* **Task objective**
Without including the pictures, copy each line below exactly as it reads.

* **Information provided**
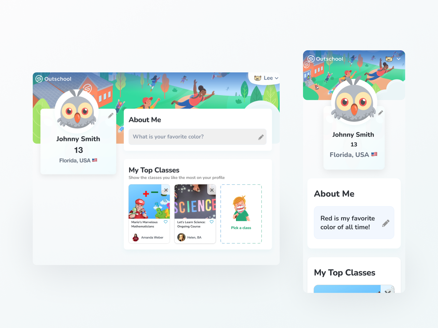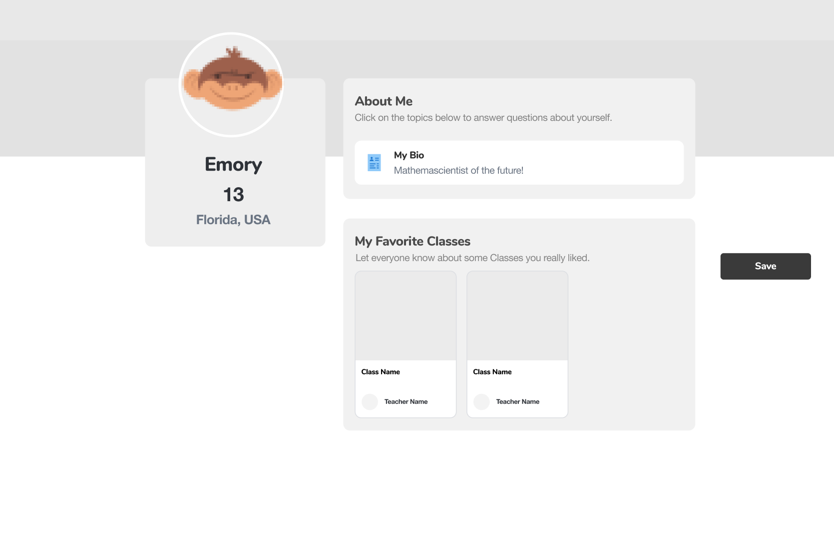 From research, we learned that learners expect profiles to be simple and actionable. First name, age, location, and avatar selection would be enough for learners to reasonably identify/recognize other learners.
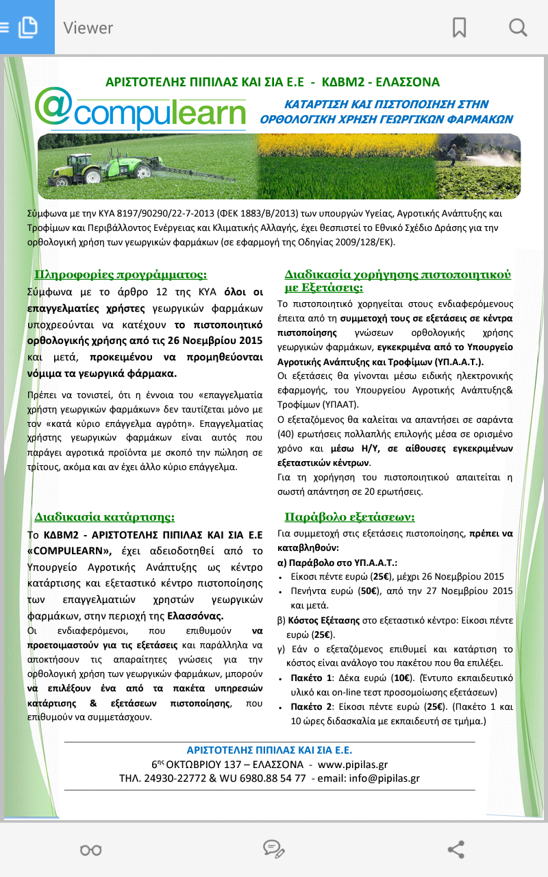 Πιστοποιητικό ορθολογικής χρήσης φυτοφαρμάκων 13 Οκτωβρίου, 2015 · by EVT Στο πολιτιστικό κέντρο της Δολίχης, σήμερα Τρίτη 6.30 μ.μ., θα πραγματοποιηθεί ενημέρωση γεωργών για την απόκτηση πιστοποιητικού ορθολογικής χρήσης φυτοφαρμάκων. Σε συνεργασία με την Ένωση Αγροτικών Συνεταιρισμών Ελασσόνας. Κοινοποιήστε: Κάνε κλικ για να μοιραστείς στο X(Ανοίγει σε νέο παράθυρο) Χ Πατήστε για κοινοποίηση στο Facebook(Ανοίγει σε νέο παράθυρο) Facebook Μου αρέσει! Φόρτωση...
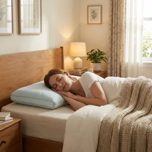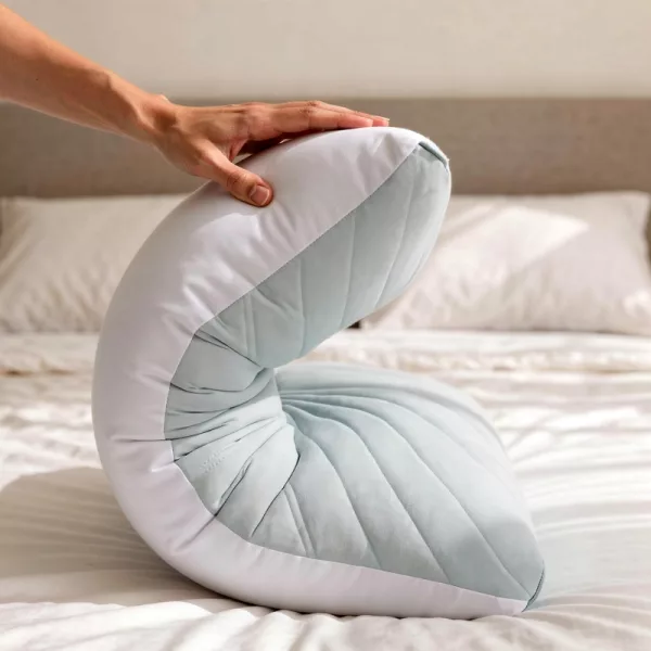 Ich bewege mich nachts viel und wechsle oft die Seite. Die Form fängt meinen Kopf ab, egal wo ich lande, und der kühle Bezug verhindert, dass sich Schweiß staut.

* **Exercise output**
 From research, we learned that learners expect profiles to be simple and actionable. First name, age, location, and avatar selection would be enough for learners to reasonably identify/recognize other learners.
 Πιστοποιητικό ορθολογικής χρήσης φυτοφαρμάκων 13 Οκτωβρίου, 2015 · by EVT Στο πολιτιστικό κέντρο της Δολίχης, σήμερα Τρίτη 6.30 μ.μ., θα πραγματοποιηθεί ενημέρωση γεωργών για την απόκτηση πιστοποιητικού ορθολογικής χρήσης φυτοφαρμάκων. Σε συνεργασία με την Ένωση Αγροτικών Συνεταιρισμών Ελασσόνας. Κοινοποιήστε: Κάνε κλικ για να μοιραστείς στο X(Ανοίγει σε νέο παράθυρο) Χ Πατήστε για κοινοποίηση στο Facebook(Ανοίγει σε νέο παράθυρο) Facebook Μου αρέσει! Φόρτωση...
 Ich bewege mich nachts viel und wechsle oft die Seite. Die Form fängt meinen Kopf ab, egal wo ich lande, und der kühle Bezug verhindert, dass sich Schweiß staut.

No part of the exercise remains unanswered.